Yeast two-hybrid screening identifies MPZ-1 and PTP-1 as candidate scaffolding proteins of metabotropic glutamate receptors in Caenorhabditis elegans
- PMID: 30417267
- DOI: 10.1007/s10158-018-0218-2
Yeast two-hybrid screening identifies MPZ-1 and PTP-1 as candidate scaffolding proteins of metabotropic glutamate receptors in Caenorhabditis elegans
Abstract
The metabotropic glutamate receptors (mGluRs) are a class of G-protein-coupled receptor that undergo extensive interactions with scaffolding proteins, and this is intrinsic to their function as an important group of neuromodulators at glutamatergic synapses.
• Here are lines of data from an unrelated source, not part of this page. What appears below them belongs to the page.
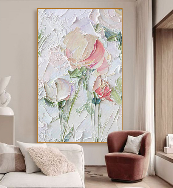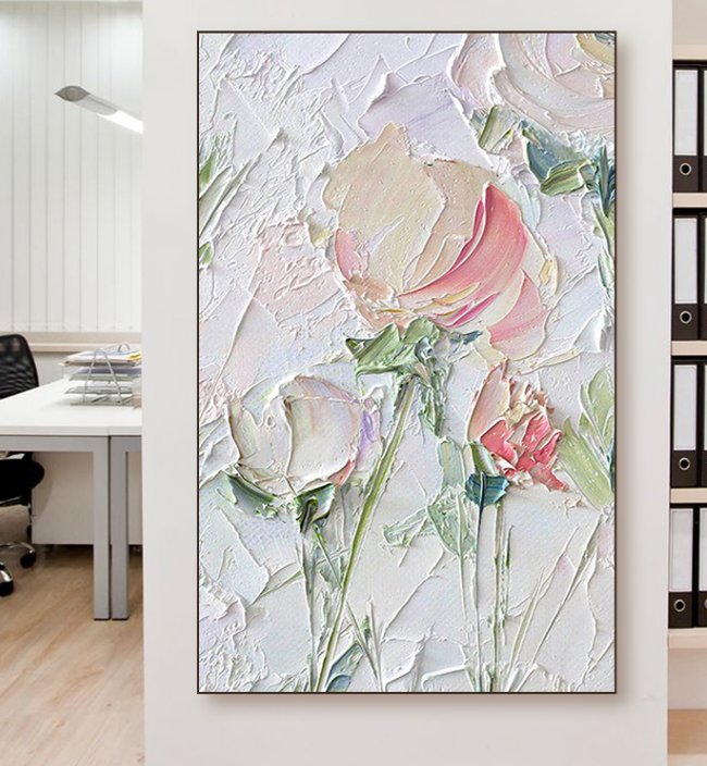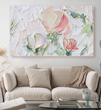 Pink large Abstract Oil Painting Original art Wall Decor, Flower Leaf painting, Modern artwork original painting on canvas
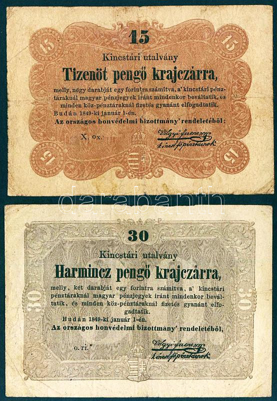 Leírás: 1849. 15kr T:III+ + 30kr "*"-gal "Kossuth bankó" T:III felső szélen gyári eredetű hiány
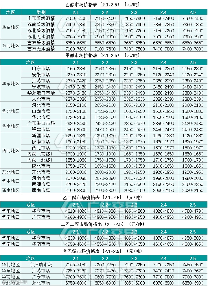 醇类报价(2.1-2.5)

The Caenorhabditis elegans nervous system expresses three metabotropic glutamate receptors, MGL-1, MGL-2 and MGL-3. Relatively little is known about how the function and signalling of these receptors is organised in C. elegans. To identify proteins that scaffold the MGL-1 receptor, we have conducted a yeast two-hybrid screen. Three of the interacting proteins, MPZ-1, NRFL-1 and PTP-1, displayed motifs characteristic of mammalian mGluR scaffolding proteins. Using cellular co-expression criterion, we show mpz-1 and ptp-1 exhibited overlapping expression patterns with subsets of mgl-1 neurons. This included neurones in the pharyngeal nervous system that control the feeding organ of the worm. The mGluR agonist L-CCG-I inhibits the activity of this network in wild-type worms, in an MGL-1 and dose-dependent manner. We utilised L-CCG-I to identify if MGL-1 function was disrupted in mutants with deletions in the mpz-1 gene. The mpz-1 mutants displayed a largely wild-type response to L-CCG-I, suggesting MGL-1 signalling is not overtly disrupted consistent with a non-obligatory modulatory function in receptor scaffolding. The selectivity of the protein interactions and overlapping expression identified here warrant further investigation of the functional significance of scaffolding of metabotropic glutamate receptor function.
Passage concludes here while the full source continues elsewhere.